◆ **Work instruction**
Please repeat, exactly as they stand, the line containing "This Vintage French" and the lines after it through the final line of the listing below, minus pictures.
----- Source material
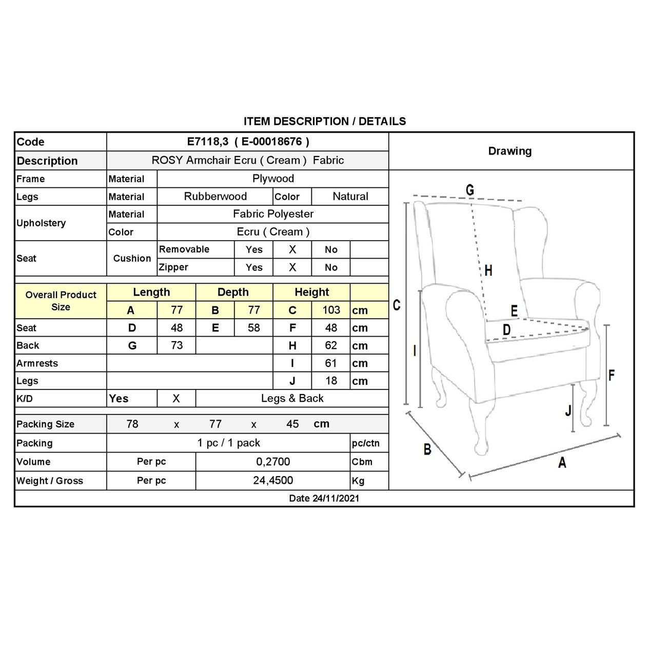 ROSY Πολυθρόνα – Μπερζέρα Φυσικό, Ύφασμα Εκρού (Ε-00018676)
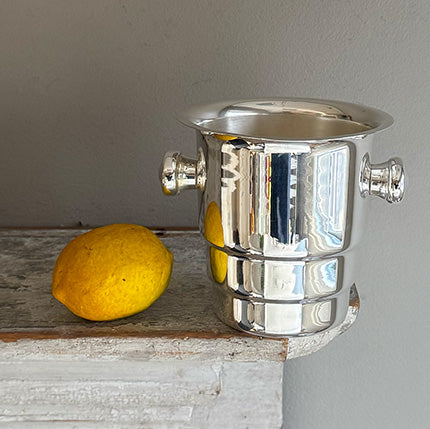 This Vintage French Ice Bucket is a favorite with its Deco stepped profile and knob handles.
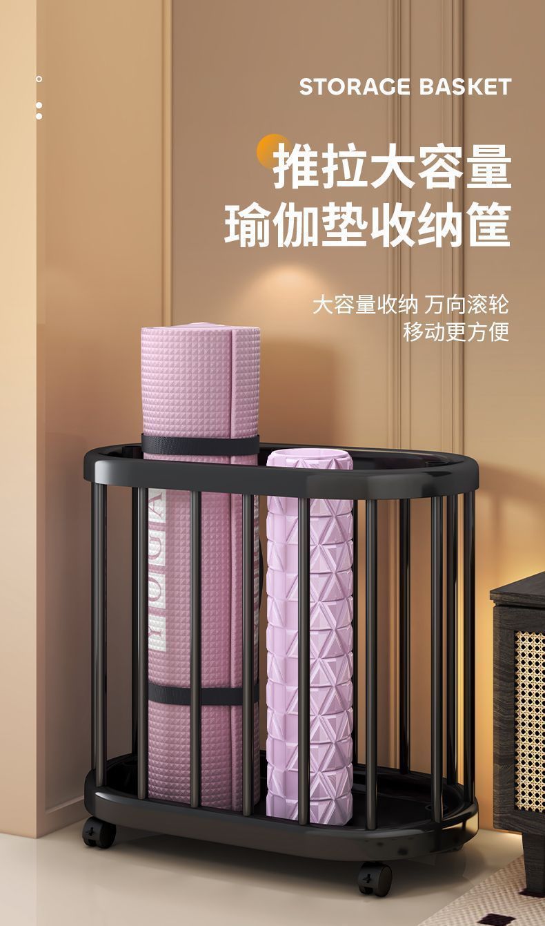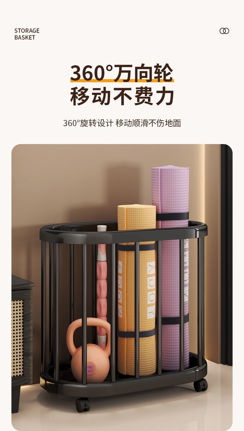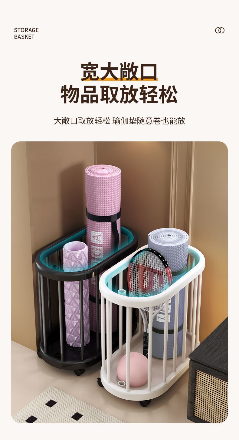 ヨガマット、フィットネス機器収納バスケット、収納ラック、汚れた衣類バスケット、移動式車輪付き汚れた衣類バスケット
----------
◆ **Solution for this exercise**
 This Vintage French Ice Bucket is a favorite with its Deco stepped profile and knob handles.
 ヨガマット、フィットネス機器収納バスケット、収納ラック、汚れた衣類バスケット、移動式車輪付き汚れた衣類バスケット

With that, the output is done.